One of the Avant-Garde schools that specifically utilized African art was The Bridge (Die Brucke). This group was intent on building a link between their art and revolutionary ideas, and between tradition and Avant-Garde. One of the ways those in The Bridge worked toward this was by combining the geometric look of African art with more traditional ideas. The flattened forms of Kirchner’s The Street (p. 459) speak to this idea. The figures in The Street are also elongated, as seen in the sculpture of the Baule ancestor from Africa.
Matisse was also influenced by African art. His work speaks of African masks. His lack of modeling in his work Madame Matisse (p. 458) bears strong resemblance to the masks found in Africa. There is also a lack of organic qualities in this painting. The hair on her head is flat, and it seems to perch on the top of her head. Matisse was also influenced by Arabian art. In his Harmony in Red (p. 463), sinuous lines are used to create an illusion of animation. Matisse coined the term “arabesque” in reference to the lines seen in Arabian architecture, such as mosques.
Emil Nolde was also influenced by African art. However he used other non-Western influences in his art. His Still Life with Masks (p. 460) is indicative of the use if non-Western art. One of the masks (the red one) is based on a drawing of an Oceanic canoe prow, the yellow skull is derived from Brazilian shrunken heads, and the green mask seems to be influenced by African art.

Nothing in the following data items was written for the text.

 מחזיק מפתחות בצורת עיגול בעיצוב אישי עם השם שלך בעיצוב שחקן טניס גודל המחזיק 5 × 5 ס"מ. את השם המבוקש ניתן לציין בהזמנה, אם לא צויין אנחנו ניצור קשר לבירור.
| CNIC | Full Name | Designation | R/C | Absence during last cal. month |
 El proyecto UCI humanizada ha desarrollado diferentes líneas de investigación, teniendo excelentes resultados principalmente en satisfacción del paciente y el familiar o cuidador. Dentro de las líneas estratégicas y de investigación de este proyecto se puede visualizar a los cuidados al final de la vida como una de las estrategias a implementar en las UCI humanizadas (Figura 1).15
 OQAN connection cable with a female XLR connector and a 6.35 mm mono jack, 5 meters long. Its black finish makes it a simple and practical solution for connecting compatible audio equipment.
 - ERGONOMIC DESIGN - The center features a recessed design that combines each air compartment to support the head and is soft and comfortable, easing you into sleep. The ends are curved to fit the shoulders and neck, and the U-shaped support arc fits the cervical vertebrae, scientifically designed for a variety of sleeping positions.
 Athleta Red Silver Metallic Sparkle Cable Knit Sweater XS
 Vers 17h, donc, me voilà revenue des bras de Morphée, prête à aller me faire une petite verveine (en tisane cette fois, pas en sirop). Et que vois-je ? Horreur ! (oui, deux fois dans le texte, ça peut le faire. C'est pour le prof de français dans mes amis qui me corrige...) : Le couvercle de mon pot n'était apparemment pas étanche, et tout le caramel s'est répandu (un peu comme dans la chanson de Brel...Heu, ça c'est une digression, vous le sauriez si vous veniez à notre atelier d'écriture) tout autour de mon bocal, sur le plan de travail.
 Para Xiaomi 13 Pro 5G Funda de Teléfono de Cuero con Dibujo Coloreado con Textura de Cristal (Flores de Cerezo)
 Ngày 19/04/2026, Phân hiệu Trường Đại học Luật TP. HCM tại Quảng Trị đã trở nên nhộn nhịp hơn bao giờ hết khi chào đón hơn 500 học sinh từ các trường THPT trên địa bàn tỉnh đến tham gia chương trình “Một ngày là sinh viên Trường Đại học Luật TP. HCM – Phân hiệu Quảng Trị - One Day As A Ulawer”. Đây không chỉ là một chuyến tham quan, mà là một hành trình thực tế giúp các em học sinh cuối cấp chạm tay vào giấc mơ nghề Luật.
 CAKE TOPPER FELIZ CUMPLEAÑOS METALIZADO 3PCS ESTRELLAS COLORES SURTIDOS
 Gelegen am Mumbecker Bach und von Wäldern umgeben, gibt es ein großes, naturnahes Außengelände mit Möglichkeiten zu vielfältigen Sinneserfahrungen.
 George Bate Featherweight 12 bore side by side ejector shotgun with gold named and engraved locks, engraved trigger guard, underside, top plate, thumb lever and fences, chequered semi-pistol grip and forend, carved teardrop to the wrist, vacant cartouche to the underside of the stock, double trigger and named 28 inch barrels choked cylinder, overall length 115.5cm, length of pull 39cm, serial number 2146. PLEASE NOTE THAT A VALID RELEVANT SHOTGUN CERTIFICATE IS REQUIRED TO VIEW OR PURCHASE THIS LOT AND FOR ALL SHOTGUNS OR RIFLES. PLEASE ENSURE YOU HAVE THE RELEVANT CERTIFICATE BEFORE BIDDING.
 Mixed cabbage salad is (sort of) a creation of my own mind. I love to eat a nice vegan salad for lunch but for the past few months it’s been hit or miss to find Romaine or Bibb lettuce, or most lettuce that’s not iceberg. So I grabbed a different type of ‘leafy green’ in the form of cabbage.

It is clear that these artists were very interested in appropriating other art forms for their own use. This fueled further Avant-Garde developments and shaped the art of the early 20th Century. African art appears to be the most pervasive in these works, but the influences of Arabia, the New World, and Oceania can also be seen. It is also important to note that while these artists copied the look of these other forms of art, the cultural context of the art in regard to the peoples it was borrowed from was lost.
Laurie Schneider Adams, A History of Modern Art (New York, N.Y.: McGraw-Hill, 2000).